The Fatal Flaw of Ownership Semantics
2020-06-21
I have been toying with a theoretical idea for the past 18 months off-and-on in my head and I have not fully articulated it aloud yet. It is regarding the concept of Ownership Semantics (OS) or Move Semantics in programming languages. Fundamentally this article is a criticism of the concept and states that the concept is a duality of traditional OOP but applied to a different area.
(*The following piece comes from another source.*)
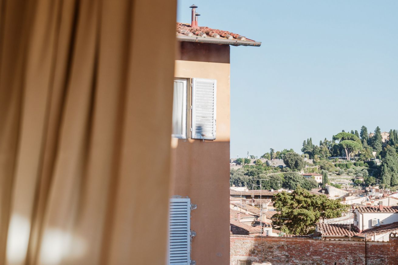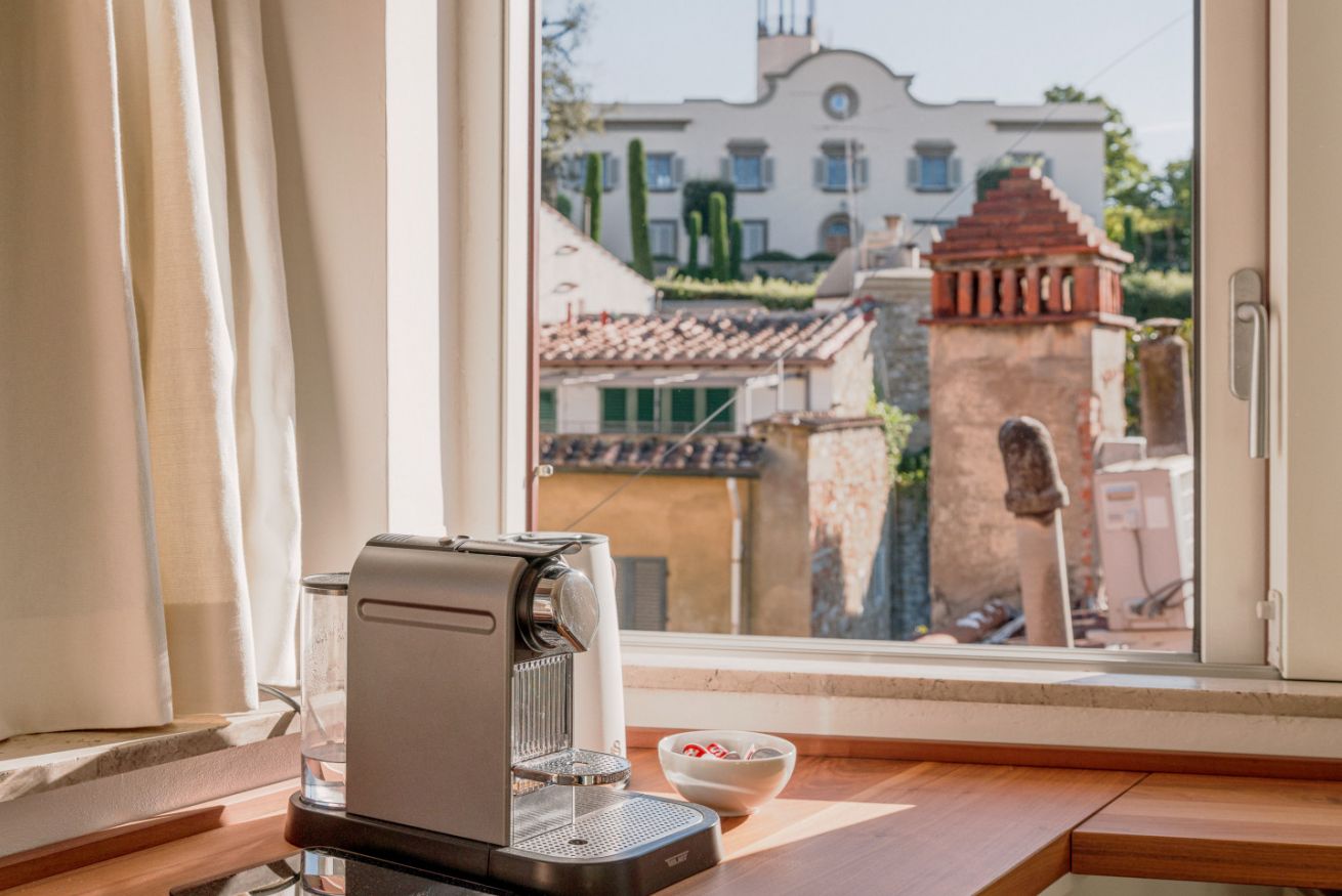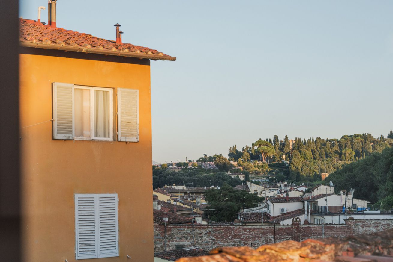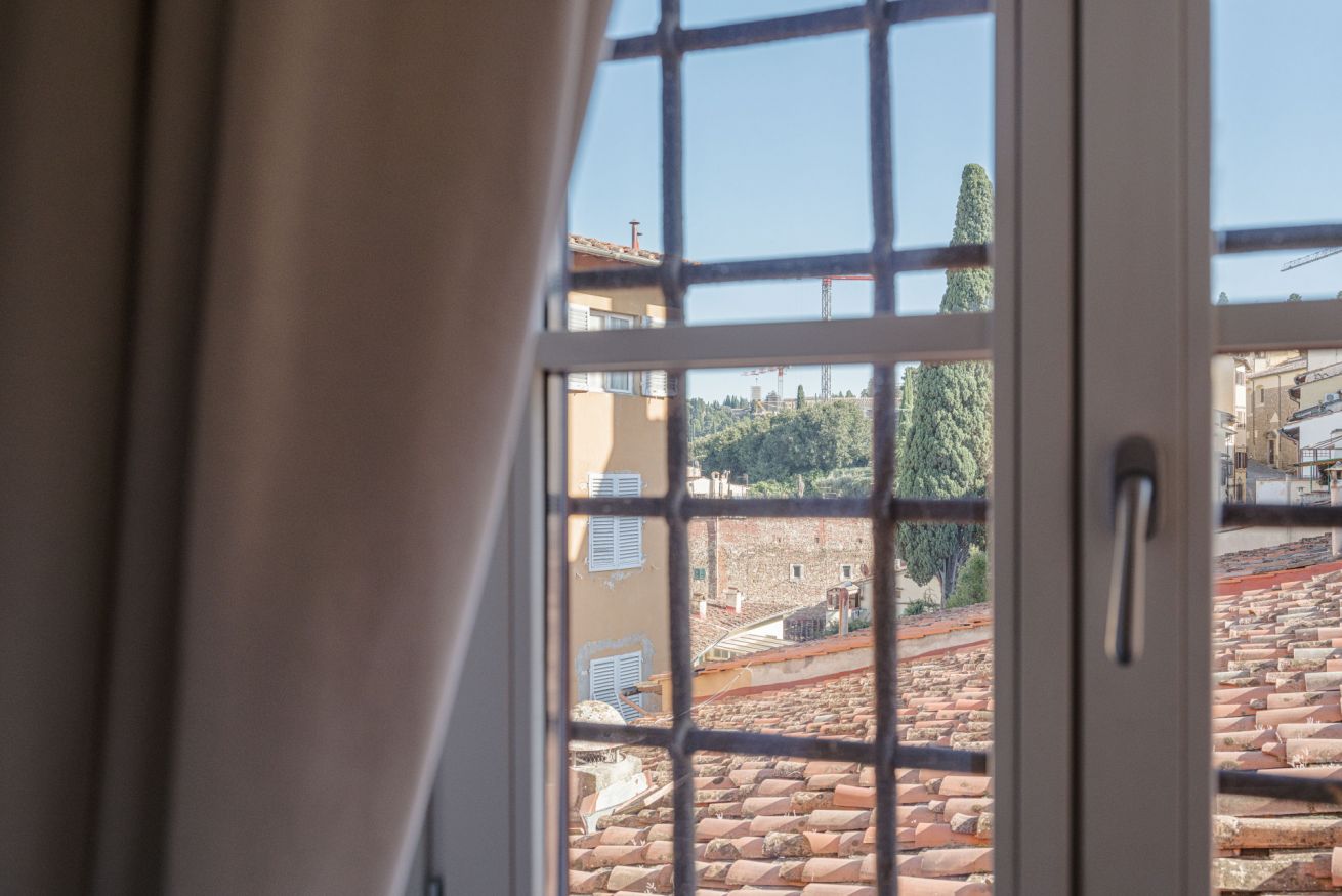 L’attico ospita comodamente fino a 3 persone e si sviluppa sopra i tetti di Firenze, offrendo una vista unica sulla città e sulle colline circostanti. Si trova in un elegante palazzo con servizio di portineria. All’ingresso dell’appartamento, alcuni scalini conducono all’ampia zona giorno, un open space che unisce cucina, soggiorno con TV e tavolo da pranzo in un ambiente rilassante e luminoso. Il living si apre con ampie vetrate a 180° sul centro storico di Firenze, regalando scorci spettacolari. Qui è disponibile, su richiesta, un divano letto singolo. Un bagno separa il living dalla camera matrimoniale, intima e luminosa, con affaccio sulle colline e su Piazzale Michelangelo. Sia la zona giorno che la camera sono dotate di aria condizionata e riscaldamento.

General Definitions of Terminology
A general list of definitions of terminology used within this article in order to minimize confusion.
-
A Value is a datum with an associated type
-
A (Data) Type is an attribute of a value which encodes information about how the data value can be operated upon
-
An Object is a value with associated behaviour, and thus implies it has agency
-
A Class is the data type of an Object
-
A hierarchy of value ownership is a hierarchy of responsibility of values
-
An Owned-Value is a value which belongs to a hierarchy of value ownership, which implies it is governed by an agent
-
An Agent is an actor with the capacity to act within a given environment
-
A Model of Interpretation is a way to view and analyse a subject
-
A Paradigm is a way of classifying models of structure of programming languages; a Paradigm is a model of interpretation
-
Object Orient(at)ed Programming (OOP) - A paradigm of structuring a program around the sole concept of Objects, commonly through coupling data and code into a single unit.
-
Ownership/Move Semantics (OS) - Orientation around responsibility of values in a hierarchical fashion
Foundations of the Object Orientation Paradigm
Though the original conception of the term coined by Alan Kay1 was never used as he intended it to be, the term Object Orient(at)ed Programming (OOP) has been commonly understood to be a paradigm of structuring a program around the concept of Objects, commonly through coupling data and code into a single unit. Many languages support multiple paradigms, including aspects for the OOP paradigm, but I would class those as multiparadigm rather than being solely an OOP language.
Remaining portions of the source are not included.